[pp.int.general] The IIPA Reports

Reinier Bakels rbakels at ffii.org
Tue Mar 2 22:38:30 CET 2010


Please note that the use of the term "ïntellectual property" is not just 
lfawed on the philosophical/moral level, but also in a practical sense: it 
suggests that *all* intellectual achievements are protected, while actually 
there is only a finite number of legal exceptions to the fundamental freedom 
of information and ideas.
Some lawyers (especially shady bad faith attorneys who try to make a 
business out of this) suggest the existence of "unwritten" rights of 
"intellectual property". This is a serious risk, not a nonsensical statement 
that can be dismissed as pure propaganda of idiots.
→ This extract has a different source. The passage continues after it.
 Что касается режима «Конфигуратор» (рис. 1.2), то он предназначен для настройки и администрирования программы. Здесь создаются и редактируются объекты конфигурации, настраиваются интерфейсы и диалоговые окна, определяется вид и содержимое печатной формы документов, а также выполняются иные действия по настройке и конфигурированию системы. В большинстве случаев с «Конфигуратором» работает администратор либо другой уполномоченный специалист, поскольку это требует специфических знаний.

There is an intuitive logic that someone who *devises* something becomes the 
propriotor of that idea, just as someone who makes something with his hands 
becaomes the owner of it ((only) the latter is a given, at least in 
continental EU law based on Roman law).
But anyone who thinks one step further will appreciate that the parallel is 
flawed.

reinier
----- Original Message ----- 
From: "Richard Stallman" <rms at gnu.org>
To: "Radoslaw Nadstawny" <radoslaw.nadstawny at o2.pl>
Cc: <pp.international.general at lists.pirateweb.net>
Sent: Tuesday, March 02, 2010 12:08 AM
Subject: Re: [pp.int.general] The IIPA Reports


>
>    It's not that bad. The term "intellectual property" is used almost only
>    in quotations. The only line it's used directly is:
>    > In fact, IP enforcement is often even more strict in the open source
>    > community, and those who infringe licenses or fail to give 
> appropriate
>    > credit are often pilloried.
>
> This statement is actually about copyright.  Referring to it as "IP"
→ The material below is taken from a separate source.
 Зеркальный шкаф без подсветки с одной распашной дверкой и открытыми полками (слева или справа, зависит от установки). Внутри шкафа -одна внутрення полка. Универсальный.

> is precisely the confusion that the IIPA wants.
>
>    As for the term itself, I think it has as much meaning as the law gives
>    it.
>
> The "meaning" that the IIPA uses does not come from law.  And the term
> misleads people about the real laws and their stated purposes.  Nearly
> everything people say about "intellectual property" is a mistake.  For
> instance:
>
>    What the term means now would be much better described as "information
>    monopoly", since it makes the possession of certain information illegal
>    unless you're the "owner",
>
> Copyright law doesn't do anything like that.  Patent law doesn't do
> anything like that.  Trademark law doesn't do anything like that.
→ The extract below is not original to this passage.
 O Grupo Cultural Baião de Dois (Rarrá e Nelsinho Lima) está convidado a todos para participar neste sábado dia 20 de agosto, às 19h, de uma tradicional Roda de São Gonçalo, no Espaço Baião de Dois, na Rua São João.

> Even trade secret law doesn't quite do that.
>
> Please don't take this personally.  There is a systematic reason why
> you made this mistake.  Namely, you assumed that the term
> "intellectual property" is meaningful and refers to some concrete and
> important similarity of these various laws.  There is no such
> similarity.  You tried to formulate a description of something that
> never existed.
>
> The basic falsehood in the term "intellectual property" is that
> these laws are really similar in some concrete way.  They are not.
> Nearly every attempt to say what "intellectual property" means
> leads to such an error.
>
> See http://www.gnu.org/philosophy/not-ipr.html for more explanation.
>
> That's why I think this project is misguided:
>
> I want to prepare a summary/brief of the worst IP enforcement
>    laws/sentences worldwide, but specially interested in EU countries.
>
> By using the term "IP" it promotes that misguided way of thinking
> which serves the opposition.
>
> It would be useful to make such a list for copyright.  And another
> list for patents.  I think these two lists would not be similar.